**What is being asked:** Repeat every line of the data exactly; no picture belongs in the copy.

**Raw data:**
★ ★ ★

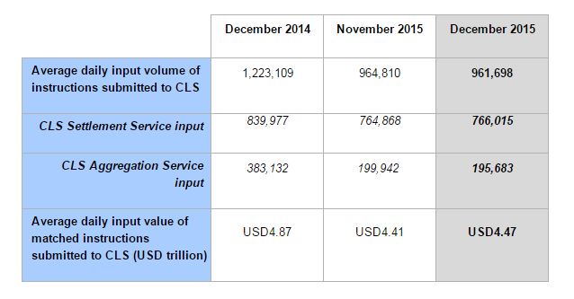 CLS has issue a report to make publish its monthly volumes for December 2015.
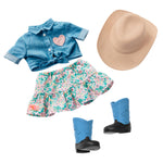 Elle rencontrera de nouveaux cousins, se fera de nouveaux amis animaux et devra également relever de nouveaux défis. Est-elle nerveuse? Pas question! Son opportunité est enfin arrivée, et rien ne se mettra en travers de son chemin - ni une oie méchante, ni un cheval effrayé, ni un grand-père aux opinions très tranchées. Vous êtes prêts pour la balade? Lainey porte une tenue de campagne élégante comprenant un haut de style jean avec un cœur rose et des détails noués sur le devant, une jupe fleurie, un chapeau de cow-boy et des bottes d'équitation bicolores ornées de cœurs et d'étoiles.
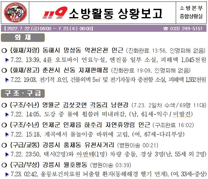 119 소방활동 상황보고(7. 23. 토) 06:00
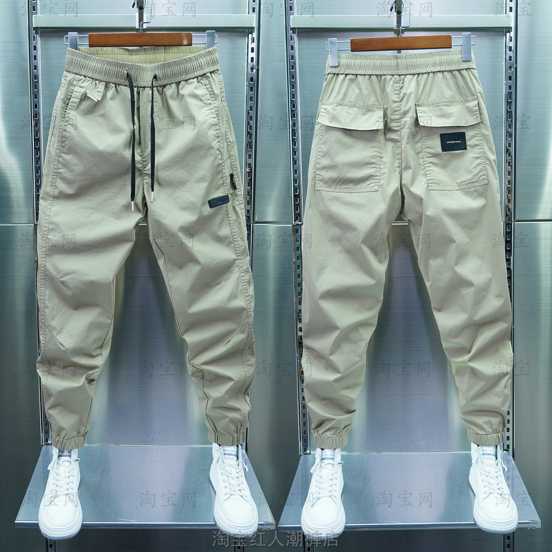 春夏の薄いタイプの男性のカジュアルなズボンの純色の弾力は身を修める小さい足のズボンのファッションのブランドの韓国版の百合の足のハーレムのズボンをつなぎ合わせます。

★ ★ ★

**Task answer:**
 CLS has issue a report to make publish its monthly volumes for December 2015.
 Elle rencontrera de nouveaux cousins, se fera de nouveaux amis animaux et devra également relever de nouveaux défis. Est-elle nerveuse? Pas question! Son opportunité est enfin arrivée, et rien ne se mettra en travers de son chemin - ni une oie méchante, ni un cheval effrayé, ni un grand-père aux opinions très tranchées. Vous êtes prêts pour la balade? Lainey porte une tenue de campagne élégante comprenant un haut de style jean avec un cœur rose et des détails noués sur le devant, une jupe fleurie, un chapeau de cow-boy et des bottes d'équitation bicolores ornées de cœurs et d'étoiles.
 119 소방활동 상황보고(7. 23. 토) 06:00
 春夏の薄いタイプの男性のカジュアルなズボンの純色の弾力は身を修める小さい足のズボンのファッションのブランドの韓国版の百合の足のハーレムのズボンをつなぎ合わせます。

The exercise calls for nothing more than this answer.